A very similar consideration applies to the small tsu. The fourth verse uses several of these, and each time they occupy a mora (as they always do).

We may hear たちましょ ラッパ で tachimasho rappa de as 1234 123, but if we do, it is because we are not counting the gap between ラ and パ (marked by ッ) as a beat.

Because I am writing this, it tends to sound very theoretical. In fact it is quite the opposite. We are talking about the rhythm of the language. Its very heartbeat. You need to to feel this in your blood, not just know about it.

If you can chant Amenbo no Uta every day with its proper rhythm…

1234 1234

12345

1234 1234

12345

…you can safely ignore everything I have written here. You will be getting the language in a more natural way.

Still, I hope you found it of some use.

Reccomended: Harmonizing – How to Shadow Japanese


The Full Amenbo no Uta

あめんぼ あかい な
あ い う え お
うき もに こえびも
およいでる

かき のき くり のき
か き く け こ
きつつき こつ こつ
かれ けや き

ささげ に すを かけ
さ し す せ そ
その うお あさせ で
さしました

たちましょ ラッパ で
た ち つ て と
とて とて たった と
とびたった

なめくじ のろ のろ
な に ぬ ね の
なんど に ぬめって
なに ねばる

はと ぽっぽ ほろ ほろ
は ひ ふ へ ほ
ひなた の おへや にゃ
ふえ を ふく

まい まい ねじまき
ま み む め も
うめ の み おちて も
み も しまい

やき ぐり ゆで ぐり
や い ゆ え よ
やまだ に ひ を つく
よい の いえ

らい ちょう さむ かろ
ら り る れ ろ
れんげ が さいたら
るり の とり

わい わい わっしょい
わ い う え を
うえきや いど がえ
おまつり だ


PS ‐ there is one line (only one) where the scansion is not regular. Once you have the feel of it you will get a little “glunk” (to use the technical term) on that line. Presumably it was caused by the exigences of getting all the sound combinations into one poem. It really is a 力作, or a tour de force as we say in ‐ uh ‐ English.

I will send an invisible winged Dollykiss to the first person to identify the “odd” line in the comments below.

Reccomended: Harmonizing – How to Shadow Japanese

11 thoughts on “The Rhythm of Japanese: Improve your speaking and hearing

  1. Is it はと ぽっぽ ほろ ほろ? I am a bit suspicious of ぽっぽ – I think it might be po-p-po as in mi-n-na…

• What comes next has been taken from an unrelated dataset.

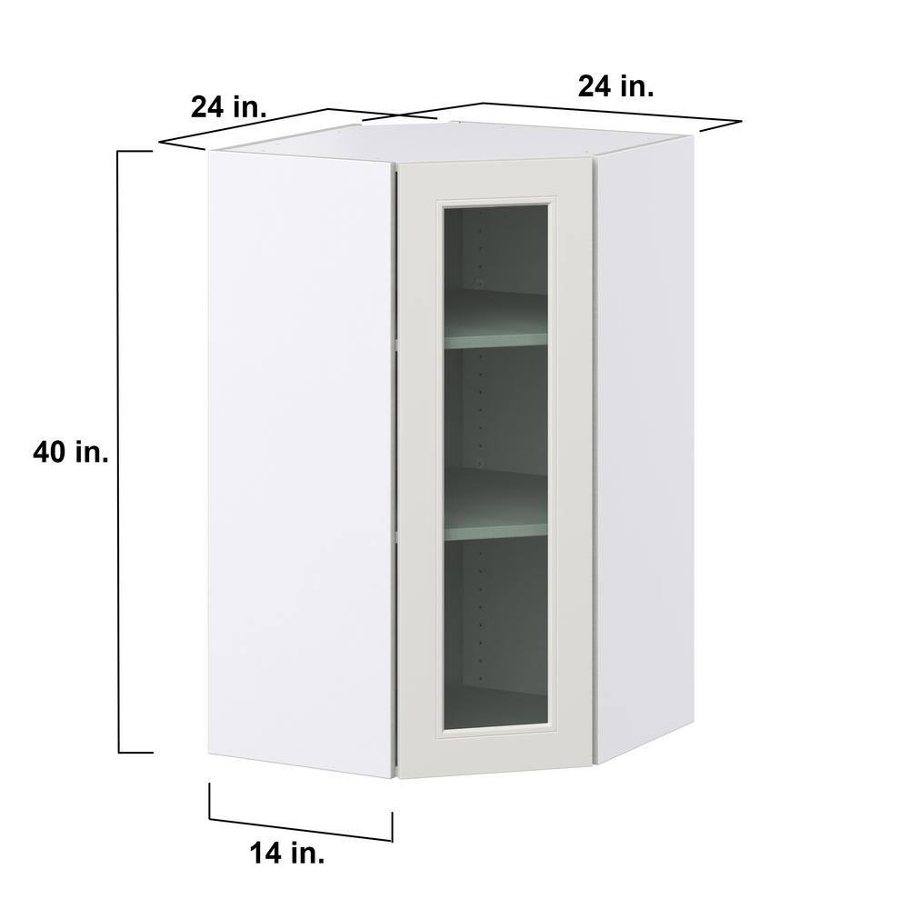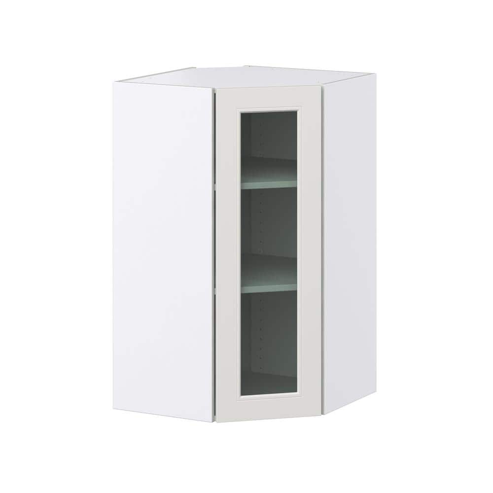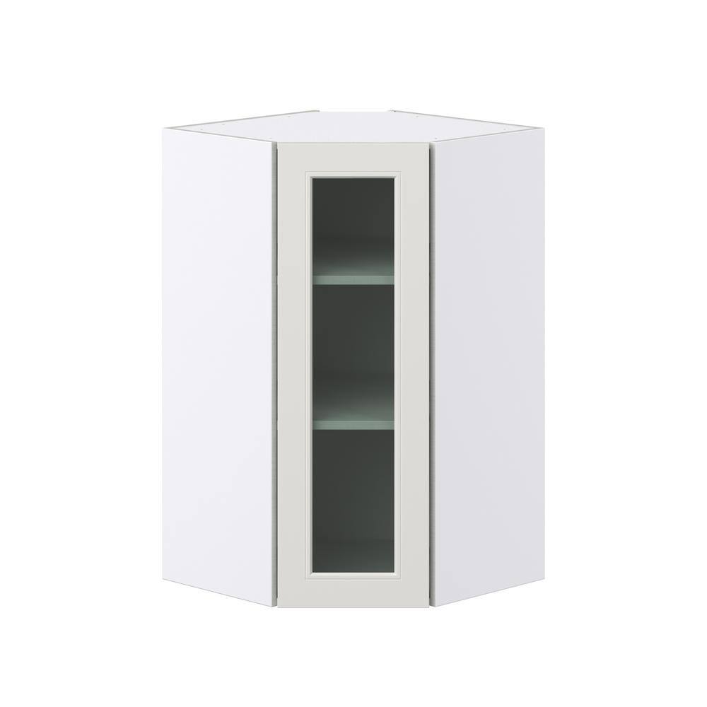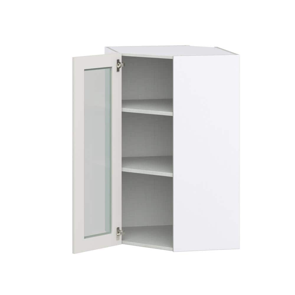 J COLLECTION 24 in. W x 40 in. H x 14 in. D Littleton Painted Light Gray Recessed Assembled GlassWall Diagonal Corner Kitchen Cabinet

  2. Invisible winged dollykiss is taking off the runway right now. Should be with you within the hour.

    おめでとうございます!

    ぽっぽ, as you correctly point out, gives the line an extra mora. It is the first line of the second half of the poem, so that may also be an intentional rhythm break. I am afraid I do not know enough about Japanese verse to know if that is something that happens.

  3. This morning, I tried this exercise before reading aloud from my first grade reader. I tried the first four verses along with the tape. Heee…I was only really able to match the speaker on the first too lines, and it was a bit mechakucha. On the other hand, afterwards, when I did my reading aloud it was SO much easier than usual. Even my mangled attempt at this seemed to really make a difference! I think that I may regularly use this as a warm up before reading aloud!

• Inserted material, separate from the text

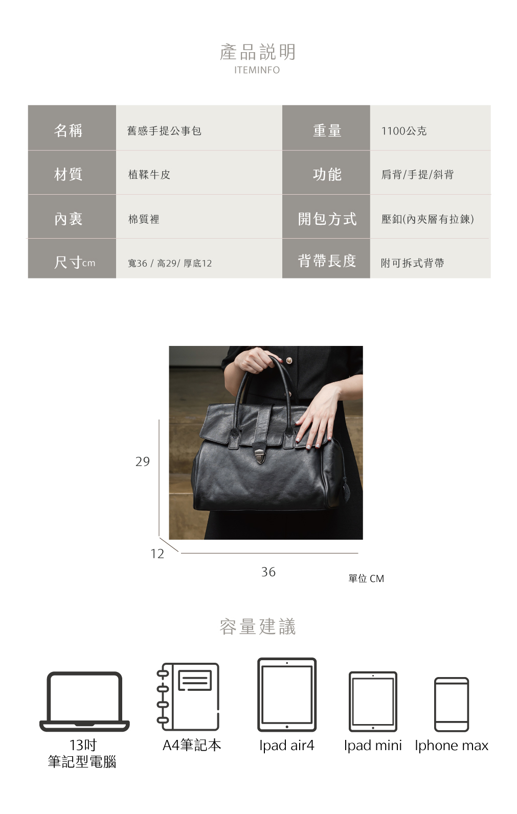 容量建議說明:外套/長夾/A4/雜誌

  4. I think the Japanese language is somewhat faster than the Spanish language, on the other hand the pronunciation is almost the same

  5. I am surprised that you say you think Japanese is faster than Spanish. I thought Spanish was one of the faster-spoken languages. Though I think there is probably no really objective way to measure it. You may well be right.

    The less you know a language the faster it tends to sound subjectively (if you know it at all) because you have that much more processing to do in the same space of time.

    Definitely true about pronunciation. Spanish and Japanese are very similar – not in intonation but in the actual sounds that make up the language.